Be careful how you exercise. Don’t do anything that jars your body, such as running or biking. Don’t play contact sports.

Remember air pressure. Don’t get on an airplane until your doctor gives the OK, which is usually about 3 weeks after your lung has been repaired. On land, don’t go more than 7,500 feet above sea level.

Pneumothorax can be life-threatening. If treated, many people don’t have long-term health effects from a pneumothorax. But the lung can collapse again in up to 50% of cases.

You may spend time in the hospital for treatment so doctors can watch how you're doing.

If your lung is punctured, it may take up to 2 weeks to heal. Your body will reabsorb the air around your lungs so that you can fill them normally again.

Some serious complications that may come with a collapsed lung include:

  • Re-expansion pulmonary edema
  • Lung damage from treatment
  • Infection
  • Respiratory failure
  • Heart failure

If you've had a collapsed lung, you need to take extra care of yourself to keep it from happening again. Some tips:

  • If you smoke, ask your doctor for help quitting.
  • If you scuba dive, your doctor might tell you to stop.
  • If you have a lung problem, keep up with your medical visits.

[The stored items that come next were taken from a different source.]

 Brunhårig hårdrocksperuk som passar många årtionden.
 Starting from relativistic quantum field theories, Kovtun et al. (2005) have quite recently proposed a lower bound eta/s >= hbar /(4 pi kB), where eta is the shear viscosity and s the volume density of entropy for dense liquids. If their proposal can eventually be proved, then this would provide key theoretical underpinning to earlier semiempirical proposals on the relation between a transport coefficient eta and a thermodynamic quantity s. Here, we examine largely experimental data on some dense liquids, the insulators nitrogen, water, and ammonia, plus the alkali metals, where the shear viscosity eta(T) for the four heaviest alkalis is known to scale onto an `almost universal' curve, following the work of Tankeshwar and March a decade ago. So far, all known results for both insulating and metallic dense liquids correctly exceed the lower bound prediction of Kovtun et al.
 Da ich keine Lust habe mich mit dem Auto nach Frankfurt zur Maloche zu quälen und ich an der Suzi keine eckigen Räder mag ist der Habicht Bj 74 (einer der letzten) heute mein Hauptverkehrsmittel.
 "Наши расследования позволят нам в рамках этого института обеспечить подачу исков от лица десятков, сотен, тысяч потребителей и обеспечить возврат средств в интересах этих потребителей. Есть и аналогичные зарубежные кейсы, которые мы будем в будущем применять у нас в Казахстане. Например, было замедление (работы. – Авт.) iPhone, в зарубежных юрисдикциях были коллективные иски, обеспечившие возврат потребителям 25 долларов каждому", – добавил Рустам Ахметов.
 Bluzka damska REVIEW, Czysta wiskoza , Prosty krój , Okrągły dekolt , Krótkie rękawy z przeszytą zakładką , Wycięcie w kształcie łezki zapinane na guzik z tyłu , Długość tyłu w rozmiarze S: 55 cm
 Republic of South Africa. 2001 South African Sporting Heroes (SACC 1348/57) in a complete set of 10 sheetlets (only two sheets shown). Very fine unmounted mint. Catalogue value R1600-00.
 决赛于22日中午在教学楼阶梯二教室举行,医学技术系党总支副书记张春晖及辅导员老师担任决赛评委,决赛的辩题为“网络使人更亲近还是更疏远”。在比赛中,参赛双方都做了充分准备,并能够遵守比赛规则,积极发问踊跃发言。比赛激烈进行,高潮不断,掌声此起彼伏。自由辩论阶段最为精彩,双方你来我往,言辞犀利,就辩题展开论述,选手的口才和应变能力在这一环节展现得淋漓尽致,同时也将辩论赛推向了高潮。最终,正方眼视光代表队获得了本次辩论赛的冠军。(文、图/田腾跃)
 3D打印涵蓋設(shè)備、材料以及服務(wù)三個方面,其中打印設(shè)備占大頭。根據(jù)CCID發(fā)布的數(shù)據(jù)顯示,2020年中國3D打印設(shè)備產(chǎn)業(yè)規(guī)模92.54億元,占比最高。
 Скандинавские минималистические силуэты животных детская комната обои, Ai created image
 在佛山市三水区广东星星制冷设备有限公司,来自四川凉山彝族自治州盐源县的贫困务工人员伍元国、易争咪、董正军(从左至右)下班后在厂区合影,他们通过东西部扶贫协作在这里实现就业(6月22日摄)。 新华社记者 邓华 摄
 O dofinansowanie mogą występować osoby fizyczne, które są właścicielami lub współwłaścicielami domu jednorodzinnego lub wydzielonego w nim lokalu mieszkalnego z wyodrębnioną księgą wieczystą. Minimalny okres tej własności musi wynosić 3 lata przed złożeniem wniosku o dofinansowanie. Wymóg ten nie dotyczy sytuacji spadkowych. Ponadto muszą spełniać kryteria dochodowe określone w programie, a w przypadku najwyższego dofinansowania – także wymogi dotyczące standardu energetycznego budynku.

You can get pneumothorax if air leaks from your lung into the space outside due to many possible causes. If you think that your lung has collapsed, see a doctor right away or go to the emergency room. Pneumothorax usually doesn't cause long-term complications, but it can be life-threatening.

What is the best treatment for pneumothorax?

The best treatment for your pneumothorax will depend on what's causing it. See a doctor right away if you have pneumothorax or think that your lung may have collapsed.

How long does it take to recover from a pneumothorax?

Once you've gotten treatment for the cause of your collapsed lung, your lung will usually go back to normal in 2-3 days. But it could take you weeks to fully recover.

What is the most common cause of spontaneous pneumothorax?

In most cases, nobody knows what causes spontaneous pneumothorax. But some things can make it more likely to happen, including connective tissue disorders, smoking, scuba diving, and flying at high altitudes.

What is the life expectancy of someone with a pneumothorax?

Pneumothorax doesn't usually have long-term effects on your health. But its effect on you may depend on the cause and other health conditions you have. For example, one study found that spontaneous pneumothorax in patients with a connective tissue disorder is a sign they will have a worse outcome. People in the study whose lungs collapsed were more likely to die and had worse 10-year survival rates.